27.03.2019 à 09:15

Transports publicsVol d’identité: il écope d'une amende

Un Biennois a reçu une amende de 100 francs pour un trajet en bus qu'il n'a jamais effectué. Un resquilleur a utilisé son identité lors d'un contrôle. Un cas qui ne serait pas isolé.

von
Christine Talos
Les resquilleurs sont nombreux à dénoncer une connaissance au moment de livrer leurs données aux contrôleurs.

Les resquilleurs sont nombreux à dénoncer une connaissance au moment de livrer leurs données aux contrôleurs.

Keystone

Mauvaise surprise pour un Biennois de 28 ans.
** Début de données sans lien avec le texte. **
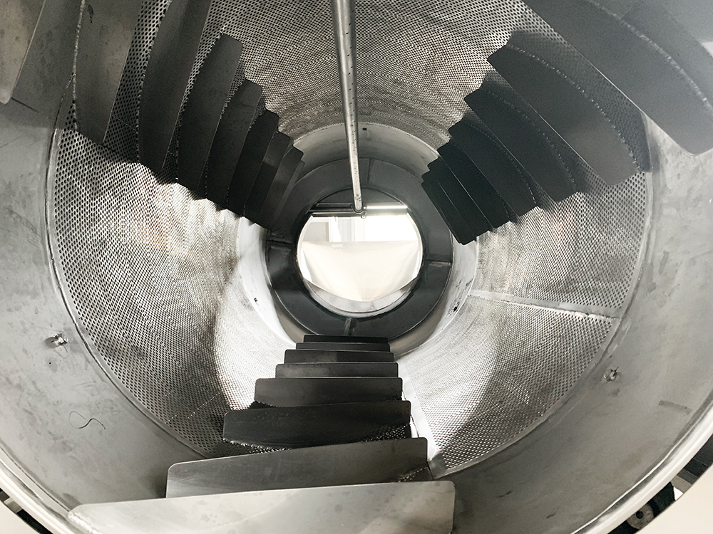 物料由進(jìn)料斗送入,啟動(dòng)高壓水泵、轉(zhuǎn)動(dòng)筒體,物料在被筒體內(nèi)螺旋板推進(jìn)的同時(shí)進(jìn)行漂洗、噴淋和高壓水沖洗。

L'homme a en effet reçu une amende de 100 francs de la part des transports publics bernois dans sa boîte aux lettres. Selon Bernmobil, il n'aurait pas payé son billet sur un trajet dans la région bernoise. L'homme tombe des nues: car il n'utilise jamais les transports publics. Il ne se déplace qu'en voiture. Du coup, pour prouver son innocence, il a dû aller fournir un échantillon de son écriture au transporteur. «Je suis très fâché car j'ai dû prendre congé exprès pour cela», confie-t-il mercredi à «20 Minuten».

Que s'est-il passé? Le Biennois est sûr que quelqu'un d'autre a livré ses données au contrôleur, quelqu'un qui connaît son adresse. Il songe à un ami sur Facebook. En effet, jusqu'à peu, sa date de naissance figurait encore sur son compte. C'était donc très facile pour une personne malintentionnée de recouper et de donner ses données personnelles. En attendant d'éclaircir le cas, il a porté plainte contre inconnu.

Cas fréquents

Son cas ne serait pas rare, explique «20 Minuten». Ils se produisent d'autant plus facilement qu'en Suisse on n'est pas obligé d'avoir sur soi une carte d'identité.
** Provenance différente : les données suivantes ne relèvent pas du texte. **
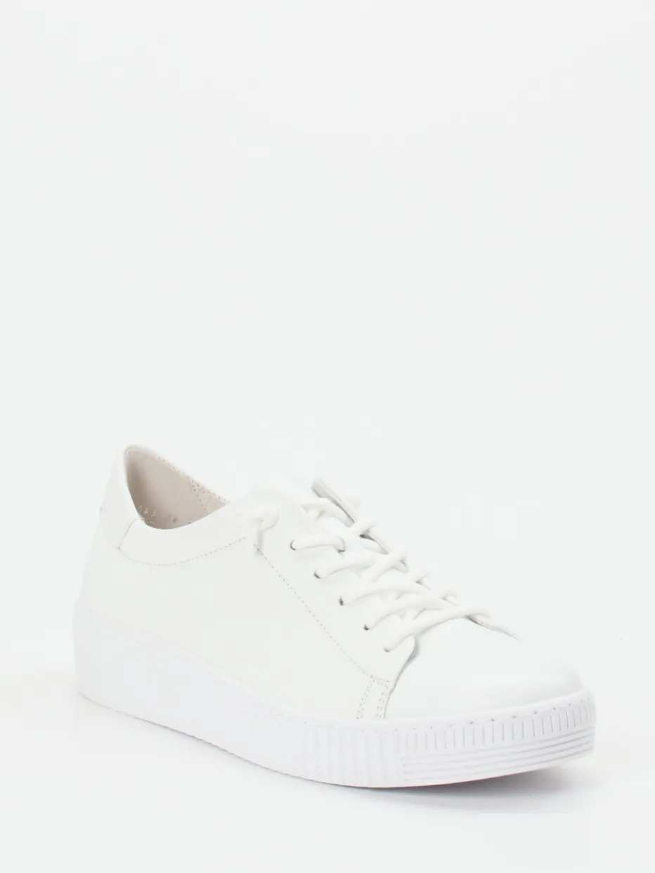 Minimalismus mit Komfortpotenzial.Gabor präsentiert einen hochwertigen Sneaker für Damen mit reduziertem Design und gefragtem Alltagskomfort. Ideal für entspannte City-Spaziergänge oder lässige Outfits im Alltag: Der weiße Low-Top überzeugt mit samtig glattem Hirschleder, dezenter Schnürung mit Knotendetail sowie einer rutschhemmenden Gummisohle. Die klare Silhouette, Ton-in-Ton-Nähte und das feine Kalblederfutter betonen den cleanen Look. Das auswechselbare OptiFit-Fußbett mit Platz für Einlagen sorgt für individuellen Tragekomfort. Ein Schuh, der den „All White Look“ der Saison gekonnt unterstützt und sich mühelos mit Monochrom-Outfits oder soften Neutrals kombinieren lässt. Markentypischer Vorteil: Gabor Best Fitting für Bewegungsfreiheit und Passformqualität.

Selon la porte-parole de CarPostal, des fraudeurs livrent ainsi au moins une fois par jour une fausse identité aux contrôleurs. Chaque année, CarPostal enregistre quelque 300 cas de ce type. La plupart du temps, les resquilleurs dénoncent des gens qu'ils connaissaient. «Mais il y a aussi ceux qui ont une adresse à portée de main en cas d'inspection», explique Katharina Merkle.

Aux CFF ainsi que dans d'autres entreprises de transport, ce genre de cas est fréquent mais on ne tient pas de statistiques. Partout on pointe du doigt le fait que l'on n'est pas obligé en Suisse d'avoir une carte d'identité sur soi.
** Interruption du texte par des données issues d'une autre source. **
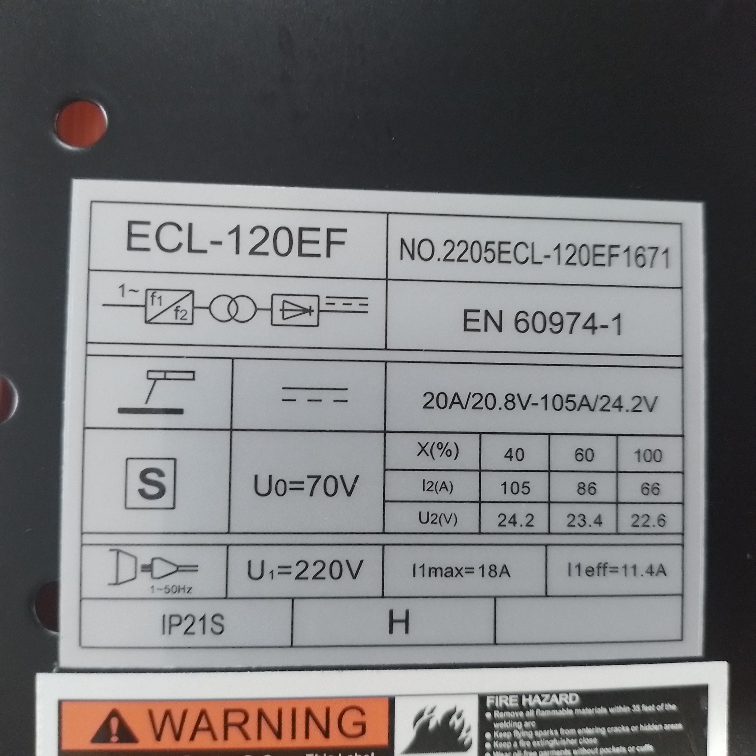 - Dòng hàn: 40-120A

«20 Minuten» rappelle encore que le 1er avril prochain, le registre national des fraudeurs sera lancé. Ce système enregistrera de manière centralisée tous les voyageurs qui sont contrôlés dans les transports publics sans titre de transport valable. CarPostal espère que cela permettra d'améliorer la situation. «Le but premier est de dissuader les fraudeurs notoires. Grâce à ce registre, ils pourront être identifiés dans toutes les compagnies de transport», estime Katharina Merkle.